Militante do Partido Comunista Português, Arménio Carlos, é pessimista em relação ao futuro, apesar de considerar que a mobilização dos trabalhadores pode reverter a situação desfavorável que os atinge.
“Depois da recessão vamos entrar em uma fase de estagnação. A própria Comissão Europeia fez um estudo em que reconhece que até 2050 Portugal vai crescer abaixo dos 2%. Esses sujeitos (governo e Troilka) não estão a condenar apenas o país no presente, estão a condenar gerações futuras. É uma política criminosa.”
Bancos ganham
A situação de insolvência do país tem explicação, segundo o sindicalista. O setor financeiro tem sido o grande beneficiário com o empobrecimento da população. “Portugal pediu um empréstimo de 78 mil milhões de euros e vai pagar 35 mil milhões em juros.”
A multiplicação da dívida tem explicação. De acordo com Arménio, o Banco Central Europeu (BCE) se transformou no fomentador da especulação financeira na Europa. Aplica uma taxa diferenciada de juros nos empréstimos aos países e às instituições financeiras.
O percentual pago pelos governos é infinitamente superior aos juros cobrados nos empréstimo aos banqueiros. Enquanto os bancos captam recursos com juros de 0,25%, os países desembolsam em torno de 5% nos empréstimos. Com juros mais baixos, os bancos privados ainda compram títulos da dívida a 5%, 6%, 7% aumentando o rombo das contas públicas. Esse mercado de pai para filho está restrito há 20 instituições bancárias. O Banco Espírito Santo (BES), é o único banco português que faz parte desse clube.
Arménio recorda que o governo português também impediu a quebra de bancos ao socializar as perdas dos banqueiros com a sociedade. “O Estado passou a ser a companhia seguradora quando o setor privado financeiro entrou em colapso.” Ele cita o caso do Banco Português de Negócios (BPN), como exemplo.
“A recapitalização dos bancos foi feita com dinheiro público.

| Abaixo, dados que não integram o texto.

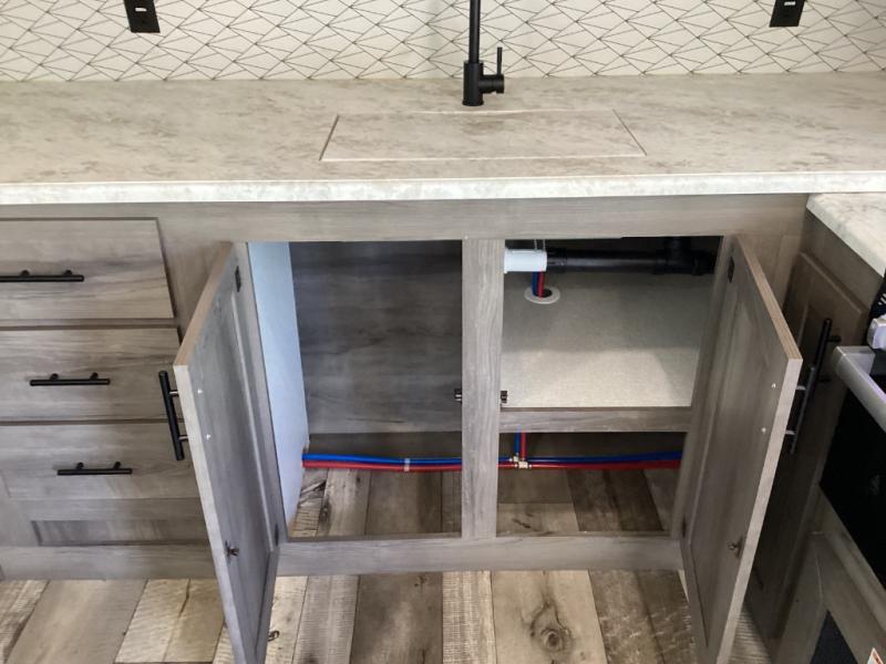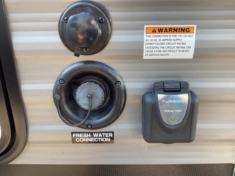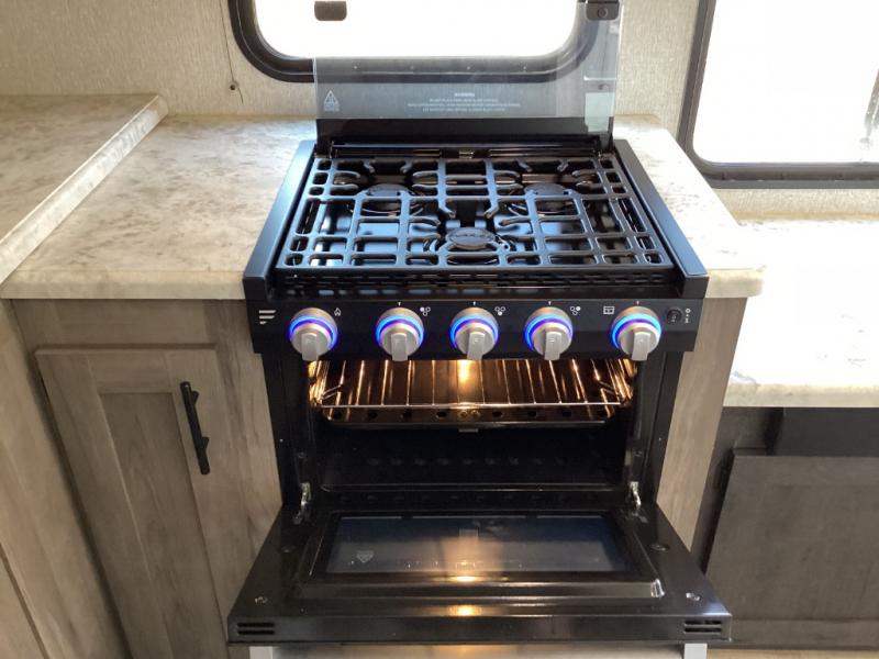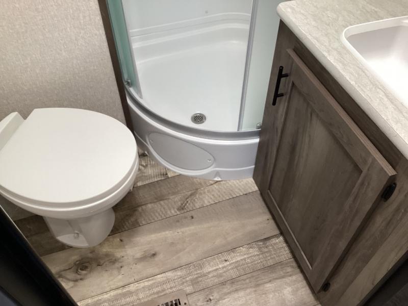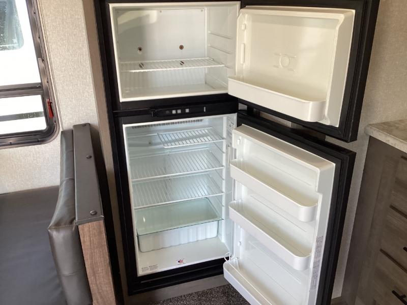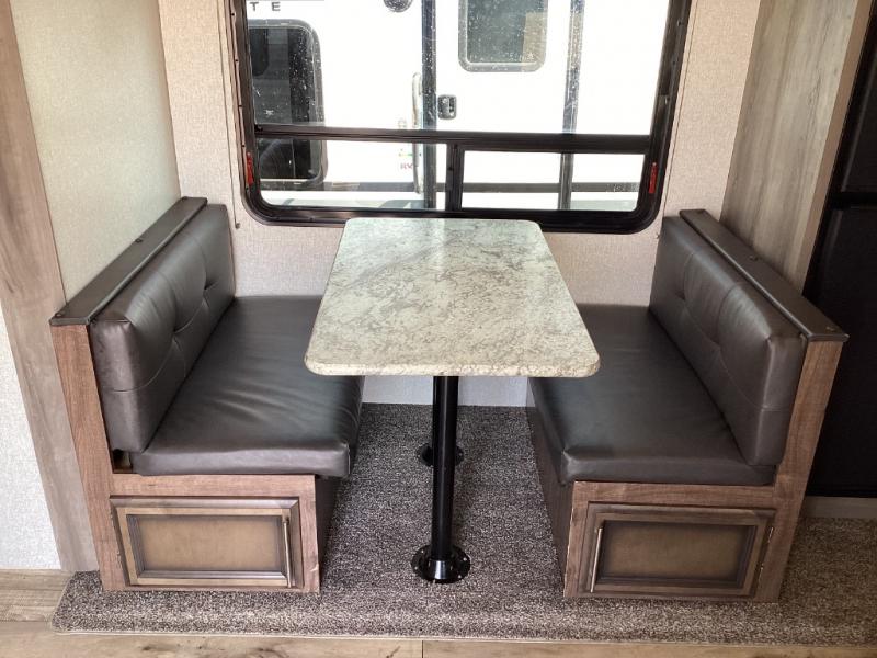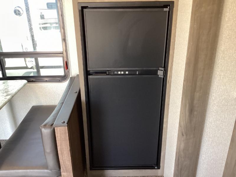You and your spouse will love camping in this travel trailer with its front kitchen layout! With this design, it provides lots of counter space for you to prepare a delicious home cooked meal. You can enjoy your meals at the 70" jackknife sofa dinette with a center console and built-in bolster arms, and the 10 cu. ft. refrigerator is right next to it so you can quickly grab a drink. The full bathroom has everything you will need to freshen up each morning including a power vent and a linen closet to store your towels. The rear private bedroom features a queen bed with closets and nightstands on either side to place your electronics or a glass of water!

Quando o BPN entrou em falência, ao invés dos acionistas assumirem o rombo, o governo (socialista) de José Sócrates (então primeiro ministro) nacionalizou o banco e transferiu para o erário público mais de seis mil milhões de euros de dívida. O núcleo de direção do Banco era associado ao Cavaco Silva (que à época já presidia Portugal). Todos os dirigentes do banco tinham sido ministros do Cavaco”, revela para mostrar a proximidade entre o governo do PS e a direita portuguesa.
Outro golpe do PS contra os trabalhadores, apontado pelo sindicalista foi o rompimento do acordo de reajuste do salário mínimo que havia sido firmado em 2006. “Celebramos um acordo para que o salário mínimo atingisse 500 euros (aproximadamente 1.600 reais), em janeiro de 2011. Mas o governo do PS não cumpriu. E o salário continua em 485 euros, próximo ao limiar da pobreza.”
A coalizão direitista PSD – CDS-PP, que assumiu o governo após o PS, aprofundou o arrocho contra os trabalhadores e tem sido intransigente em relação ao reajuste do salário mínimo. “Recusa-se a discutir o aumento.” A CGTP reivindica que o piso nacional seja fixado em 515 euros a partir de junho. “Quem é que não pode dar um aumento de um euro por dia ao trabalhador”, questiona o sindicalista.
A CGTP pretende deflagrar uma semana de greves e protestos em defesa do aumento do mínimo, logo após a realização das eleições europeias que ocorrem no próximo dia 25.